Other scholars have given different accounts of the historical origins of the Ottoman pastırma. The armies of settled, agricultural peoples had cereal-based diets; some Turkish and Bulgarian scholars have written that certain medieval fighters who kept dried and salted meat under their saddles had an edge over opponents who ate mostly cereals. Ammianus Marcellinus wrote that the Huns warmed this meat by placing it between their legs or on the backs of their horses. 

The English word pastrami may be a Yiddish construction that combined salami with pastırma or one of the similar linguistic variations of the word (pastramă in Romanian, pastromá in Russian and basturma in Armenian).

Preparation and usage
 

Pastirma is usually made from water buffalo or beef, but other meats can also be used. In Egypt, pastirma is made not only with beef, but with lamb, water buffalo, goat and camel as well. Some pastirmas are made with horsemeat. Different cuts of meat may be used; a single cow can produce 26 different "types" of pastirma. Fillet, shank, leg and shoulder cuts are used for the best quality pastirmas. It is usually made during the months of October and November.

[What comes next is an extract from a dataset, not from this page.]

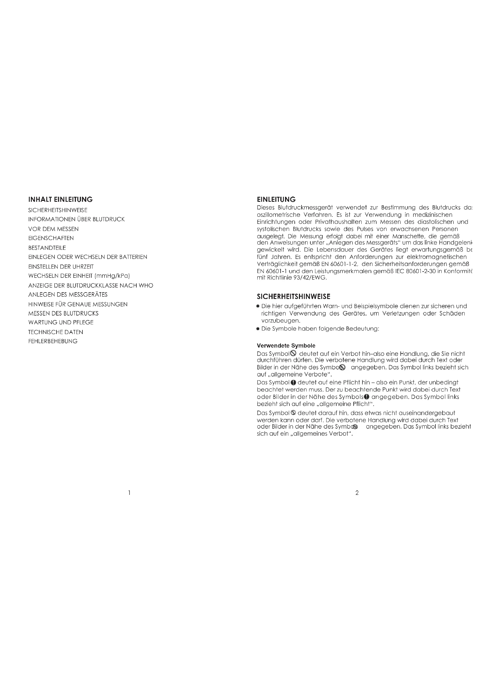 TECHNISCHE DATEN FEHLERBEHEBUNG EINLEITUNG Dieses Blutdruckmessgerät verwendet zur Bestimmung des Blutdrucks das oszillometrische Verfahren. Es ist zur Verwendung in medizinischen Einrichtungen oder Privathaushalten zum Messen des diastolischen und systolischen Blutdrucks sowie des Pulses von erwachsenen Personen ausgelegt. Die Messung erfolgt dabei mit einer Manschette, die gemäß den Anweisungen unter „Anlegen des Messgeräts“ um das linke Handgelenk gewickelt wird. Die Lebensdauer des Gerätes liegt erwartungsgemäß bei fünf Jahren. Es entspricht den Anforderungen zur elektromagnetischen Verträglichkeit gemäß EN 60601-1-2, den Sicherheitsanforderungen gemäß EN 60601-1 und den Leistungsmerkmalen gemäß IEC 80601-2-30 in Konformität mit Richtlinie 93/42/EWG. SICHERHEITSHINWEISE Die hier aufgeführten Warn- und Beispielsymbole dienen zur sicheren und richtigen Verwendung des Gerätes, um Verletzungen oder Schäden vorzubeugen. Die Symbole haben folgende Bedeutung: Verwendete Symbole Das Symbol deutet auf ein Verbot hin–also eine Handlung, die Sie nicht durchführen dürfen. Die verbotene Handlung wird dabei durch Text oder Bilder in der Nähe des Symbols angegeben. Das Symbol links bezieht sich auf „allgemeine Verbote“. Das Symbol deutet auf eine Pflicht hin – also ein Punkt, der unbedingt beachtet werden muss. Der zu beachtende Punkt wird dabei durch Text oder Bilder in der Nähe des Symbols angegeben. Das Symbol links bezieht sich auf eine „allgemeine Pflicht“. Das Symbol deutet darauf hin, dass etwas nicht auseinandergebaut werden kann oder darf. Die verbotene Handlung wird dabei durch Text oder Bilder in der Nähe des Symbols angegeben. Das Symbol links bezieht sich auf ein „allgemeines Verbot“.3 4 Achtung – vor Verwendung durchlesen Warnung Anwendungsteil Typ BF Kennzeichnung von Elektro- und Elektronikgeräten gemäß Artikel 11(2) der Richtlinie 2002/96/EG (WEEE) Patienten sollten unbedingt die Anweisungen des Arztes befolgen und dürfen anhand der Messergebnisse keine Eigendiagnose oder Selbstbehandlung vornehmen, da dies gefährlich ist. Das Gerät darf nicht zur Diagnose von Krankheiten, ersten Hilfe oder kontinuierlichen Überwachung der Werte verwendet werden. Das Gerät darf nicht während des Transports oder einer chirurgischen Versorgung von Patienten eingesetzt werden. Es ist lediglich zur Verwendung im Haushalt oder an festen Standorten ausgelegt. Beenden Sie die Messung durch Drücken auf „ON/OFF“, wenn Sie sich mit der Manschette unwohl fühlen sollten oder die Manschette ohne Unterbrechung übermäßig aufgepumpt wird. Risiko für Sach- oder Personenschäden! Das Gerät darf nicht von Kindern unt er 12 Jahren oder Personen mit eingeschränkten physischen, sensorischen oder geistigen Fähigkeiten verwendet werden. Kinder im Alter von 12 bis 18 Jahren dürfen das Gerät nur unter Aufsicht eines Erwachsenen verwenden. Risiko für Sach- oder Personenschäden! Das Gerät darf ausschließlich zur Messung des Blutdrucks verwendet werden. In der näheren Umgebung des Gerätes dürfen keine Mobiltelefone verwendet werden. Das Gerät darf nicht in der Nähe von elektromagnetischen Feldern verwendet werden. Weder das Gerät noch die Manschette des Blutdruckmessgerätes dürfenauseinandergebaut, repariert oder umgebaut werden, da dies anderenfalls zu Fehlfunktionen führen könnte.

To make pastirma, the meat is rinsed and salted before being dried and pressed. After the first drying period, the meat is cold pressed for up to 16 hours. This aids the process of removing moisture from the meat. After the first pressing, the meat is dried for several days, during which the fats melt and form a white layer. The second press is a "hot press". Finally, the dried and pressed meat is covered with a spice paste called çemen. Çemen is made from a paste of ground fenugreek seeds, chili powder and mashed garlic. The dried product is covered with the wet paste and left to dry again. The entire process takes approximately one full month. Pastirma is classified as an "intermediate moisture food". Lowering the moisture level is a form of food preservation that hinders the growth of microorganisms, and the çemen paste "is used to control surface mold growth during storage". Other functions of the çemen include improved flavor, characteristic red coloring, prevention of further drying, and antimicrobial effects.

Cuisines
Ottoman cuisine was not only the product of Muslim citizens of the Ottoman Empire; it was also influenced by Ottoman Christian and Jewish citizens. Today, it includes the cuisines of Armenia, Egypt, Turkey and the Levant.
Armenia

The cured meat, which resembles Italian bresaola, is called basturma (բաստուրմա) or aboukht (ապուխտ) by Armenians. Some Armenian-owned pizzerias in cities like Yerevan, Boston and Los Angeles serve basturma topped pizza.

According to Nigol Bezjian, Armenians who survived the 1915 genocide brought basturma with them to the Middle East. Bezjian recalls that his grandmother used to prepare "basturma omelets fried in olive oil with pieces of lavash bread".  He notes that Armenians from Kayseri were particularly renowned basturma producers.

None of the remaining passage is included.